Fatal Spontaneous Rebleeding of Subdural Haematoma Following COVID-19 Infection: A Case Report
Rimsha Ghufran, Sana Aleem, Winluck Shayo, Abdul Hannan Siddiqui

TL;DR
An elderly woman with a subdural haematoma experienced fatal rebleeding after contracting COVID-19, suggesting a possible link between the infection and neurological complications.
Contribution
This case report highlights a rare and fatal association between COVID-19 infection and spontaneous rebleeding of a pre-existing subdural haematoma.
Findings
The patient's neurological condition rapidly deteriorated within 24 hours of testing positive for COVID-19.
Imaging confirmed acute rebleeding and increased midline shift despite no trauma or anticoagulation.
The patient's death suggests a possible role of vascular injury, neuroinflammation, and coagulopathy in the rebleeding.
Abstract
COVID-19 is associated with various neurological complications, including intracranial haemorrhage.
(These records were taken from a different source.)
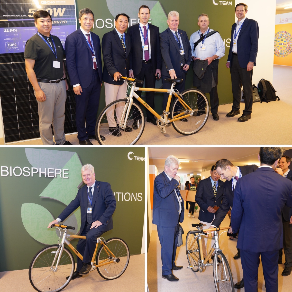 世界赛艇联合会主席,内河航道国际组织主席,气候现实团队负责人,三位领导人与大庄竹制自行车留下了珍贵的合影。他们惊叹地发现:“没想到竹子的应用居然如此广泛,甚至在马德里机场也能见到竹子的身影。” 在对气候问题的思考中,他们充满期待地谈到了竹子在未来的广泛应用。
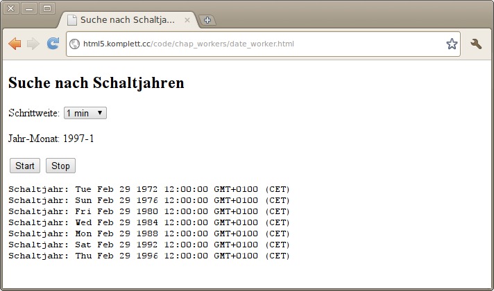| 284 | Abbildung 10.1: Web Workers auf der Suche nach Schaltjahren Erstellt mit Chrome 6 | |
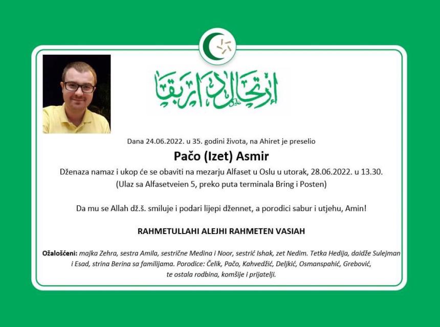 Tužnog srca i s bolom u duši obavještavamo rodbinu, komšije i prijatelje da je naš dragi Pačo (Izet) Asmir preselio na Ahiret u 35-oj godini života.
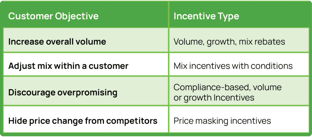 Creating a set of segmented incentive templates will help you reduce complexity, ensure the right incentive is applied to the right customer objective, and serve as your “rebates playbook.” This is a strategic process that means you must meticulously design incentives, set clear performance metrics, and maintain a commitment to transparency and improvement.

However, spontaneous rebleeding of pre-existing subdural haematomas triggered by COVID-19 infection remains exceptionally rare. We report an 88-year-old woman with rheumatoid arthritis who presented with acute-on-chronic subdural haematoma following a fall. Conservative management was pursued, given her advanced age and comorbidities. After seven days of clinical stability, she contracted COVID-19 via PCR screening. Within 24 hours, she experienced catastrophic neurological deterioration (Glasgow Coma Scale declining from 15 to 3) without trauma or anticoagulation. Imaging confirmed worsening subdural haemorrhage with increased midline shift (12 mm) and acute rebleeding. Despite supportive care, she died 10 days later. This case demonstrates a temporal association between COVID-19…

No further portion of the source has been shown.